A Pentagon review has found repealing "don't ask, don't tell" is unlikely to hurt the effectiveness of troops engaged in combat. The risk of repeal of don't ask, don't tell to overall military effectiveness is low," the report says. "We conclude that while a repeal of DADT will likely in the short term bring out some limited and isolated disruption to unit cohesion and retention, we do not believe this disruption will be widespread or long-lasting, and can be adequately addressed. "Widespread attitude among a solid majority of service members is that repeal ... will not have a negative impact on their ability to conduct their military mission." The report is based on a survey of 115,000 service members and 44,266 spouses, includes interviews with former gay or lesbian service members, some of whom were discharged from the military under the "don't ask, don't tell" policy. Of those surveyed, 69 percent said they had served with a gay service member and 92 percent of those respondents said they were able to work together.

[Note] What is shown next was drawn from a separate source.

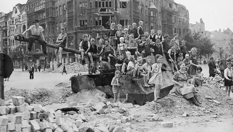 Kinder spielen im Jahr 1945 im durch Bomben zerstörten Berlin auf einem Panzer.
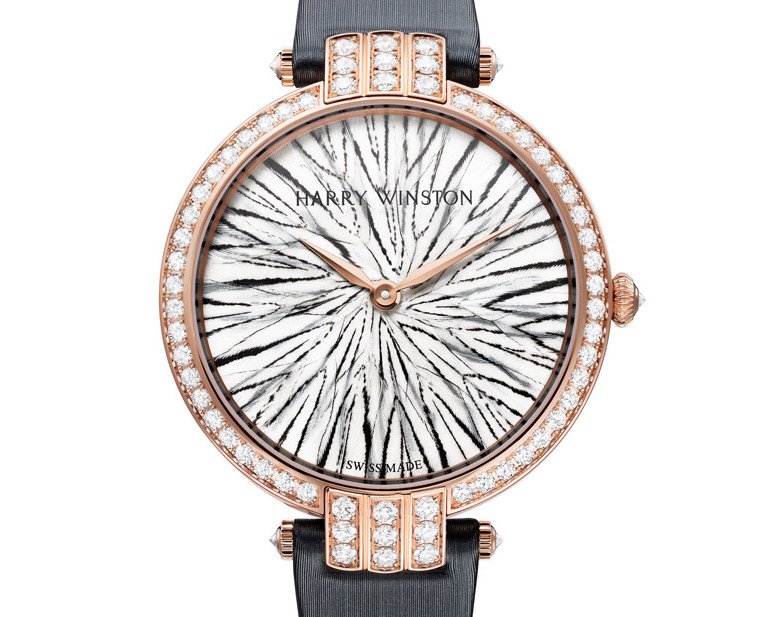 The art of feather marquetry involves selecting feathers from exotic species of birds and artistically arranging them on the face of a timepiece. All the rage in the courts of European royalty during the 1800’s, master artisan Nelly Saunier is reviving the art in four variations for Harry Winston.

Fifty to 55 percent of those surveyed said the repeal won't have any effect, 15 to 20 percent said it would have a positive effect and 30 percent said the effect would be negative. "The reality is that there are gay men and lesbians already serving in today's US military and most service members recognize this," the report says. "Much of the concern about open service is driven by misperceptions and stereotypes about what it would mean." President Obama said the Pentagon review confirms the military is ready and able to end "don't ask don't tell". "This report also confirms that, by every measure—from unit cohesion to recruitment and retention to family readiness—we can transition to a new policy in a responsible manner that ensures our military strength and national security," he said in a statement. "As Commander in Chief, I have pledged to repeal the "don't ask, don't tell" law because it weakens our national security, diminishes our military readiness, and violates fundamental American principles of fairness and equality by preventing patriotic Americans who are gay from serving openly in our armed forces."